_YOUR TASK_. Leave the pictures out and write out exactly the lines from the top of the entries through the line containing "4.当南瓜树精双手砸向地面时,广场周围会掉落南瓜。".

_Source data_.
═══
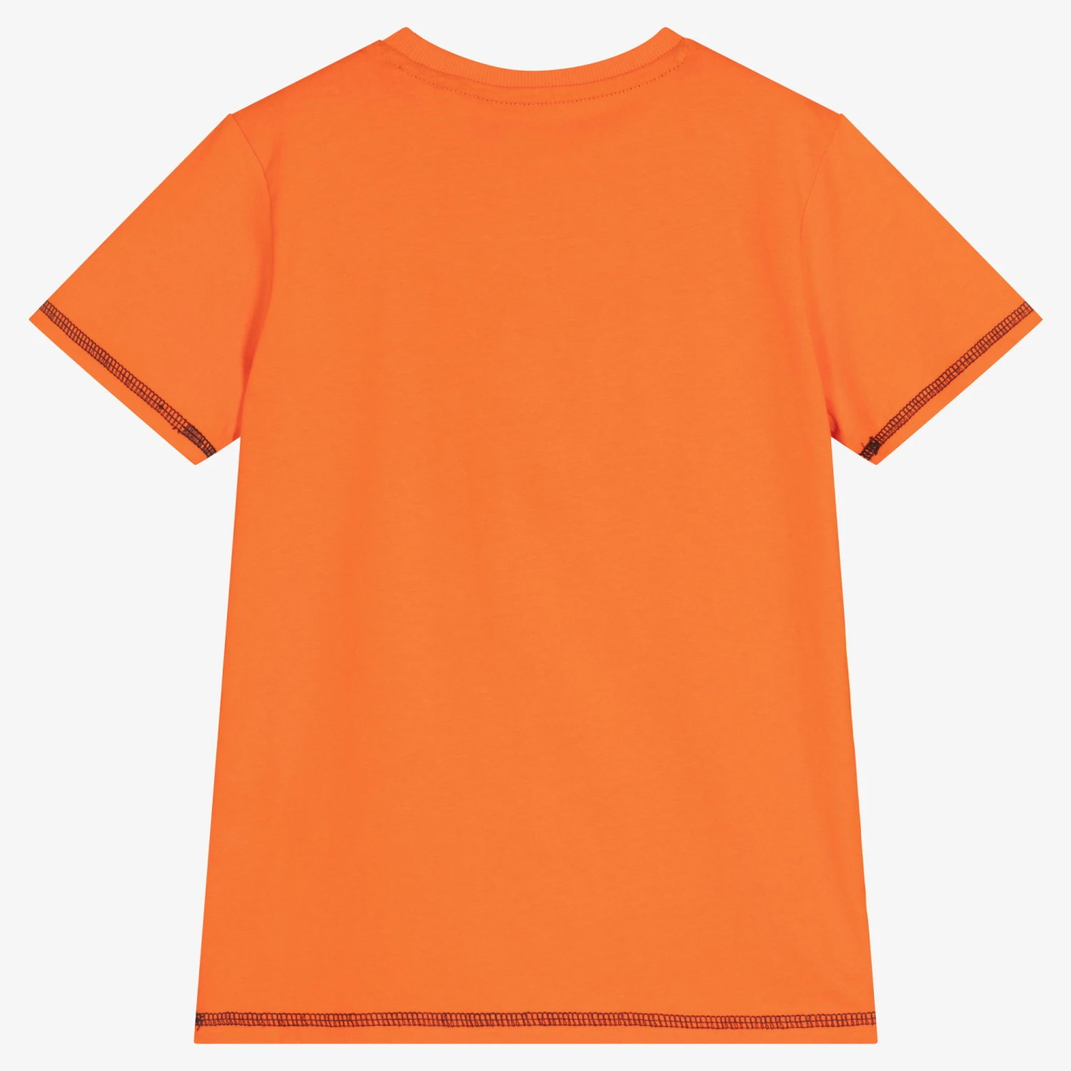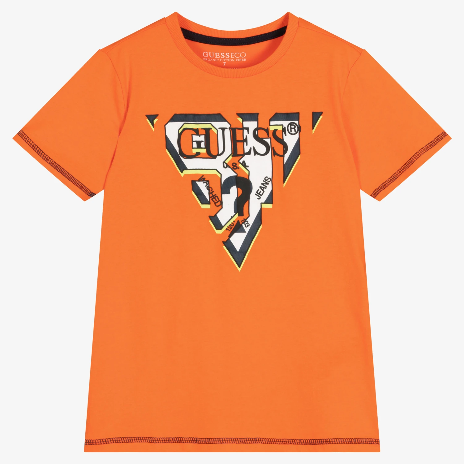 Orange cotton T-shirt for junior boys by American brand Guess, made in all-day comfortable jersey. It has the designer’s signature Triangle logo on the front, in rubberised blue, white and lime green. There is dark blue overstitching on the cuffs and hemline. This T-shirt contains organic cotton fibre.
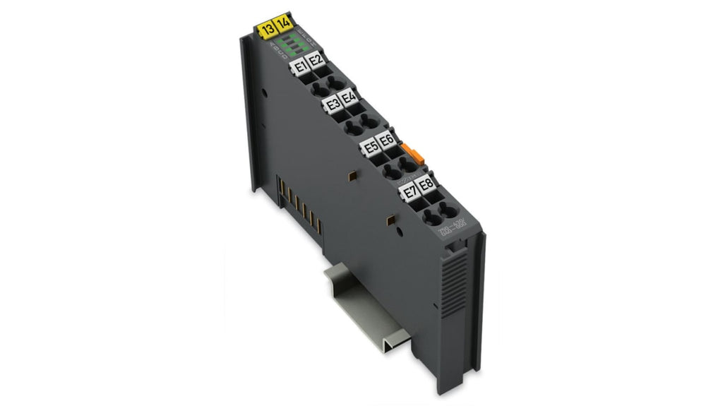 Modulo di ingresso digitale per PLC, 8 canali, serie 750, tensione di alimentazione 24 V c.c., montaggio su guida DIN 35, contenitore in policarbonato e poliammide 6.6, conforme a RoHS.
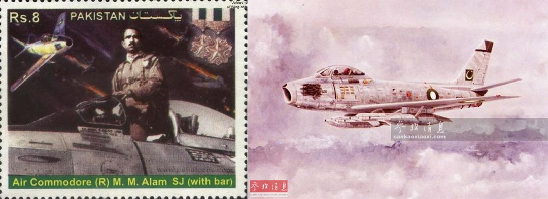 (图为巴基斯坦为纪念此次战果发行的邮票,右边油画是阿拉姆的F-86座机)
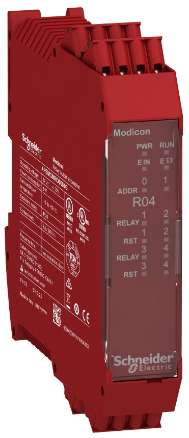 SCHNEIDER XPSMCMRO0004G Preventa XPS MCM biztonsági vezérlő, biztonsági bővítő I/O modul, 4DO (relé) + 4DI (start/restart)
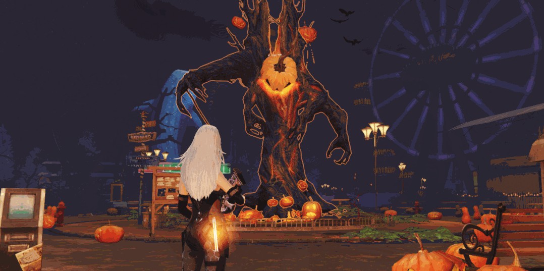 4.当南瓜树精双手砸向地面时,广场周围会掉落南瓜。
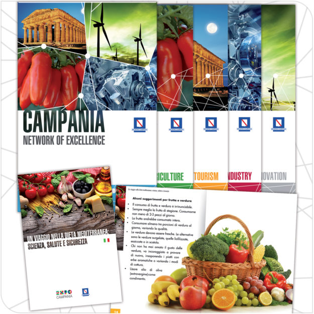 Campania EXPO 2015 CLIENTE Sviluppo Campania 6-7 / 2015 SERVIZIO Affidamento servizio di realizzazione e produzione materiali di promozione e comunicazione delle attività relative al Progetto Campania Expo 2015 ATTIVITÀ Produzione, stampa, e fornitura di strumenti di promozione e comunicazione: brochure, contenitore/cofanetto per brochure, booklet sulla Dieta Mediterranea; progettazione grafica e creativa ed impaginazione degli…
═══
_REPLY TO THE TASK_.
 Orange cotton T-shirt for junior boys by American brand Guess, made in all-day comfortable jersey. It has the designer’s signature Triangle logo on the front, in rubberised blue, white and lime green. There is dark blue overstitching on the cuffs and hemline. This T-shirt contains organic cotton fibre.
 Modulo di ingresso digitale per PLC, 8 canali, serie 750, tensione di alimentazione 24 V c.c., montaggio su guida DIN 35, contenitore in policarbonato e poliammide 6.6, conforme a RoHS.
 (图为巴基斯坦为纪念此次战果发行的邮票,右边油画是阿拉姆的F-86座机)
 SCHNEIDER XPSMCMRO0004G Preventa XPS MCM biztonsági vezérlő, biztonsági bővítő I/O modul, 4DO (relé) + 4DI (start/restart)
 4.当南瓜树精双手砸向地面时,广场周围会掉落南瓜。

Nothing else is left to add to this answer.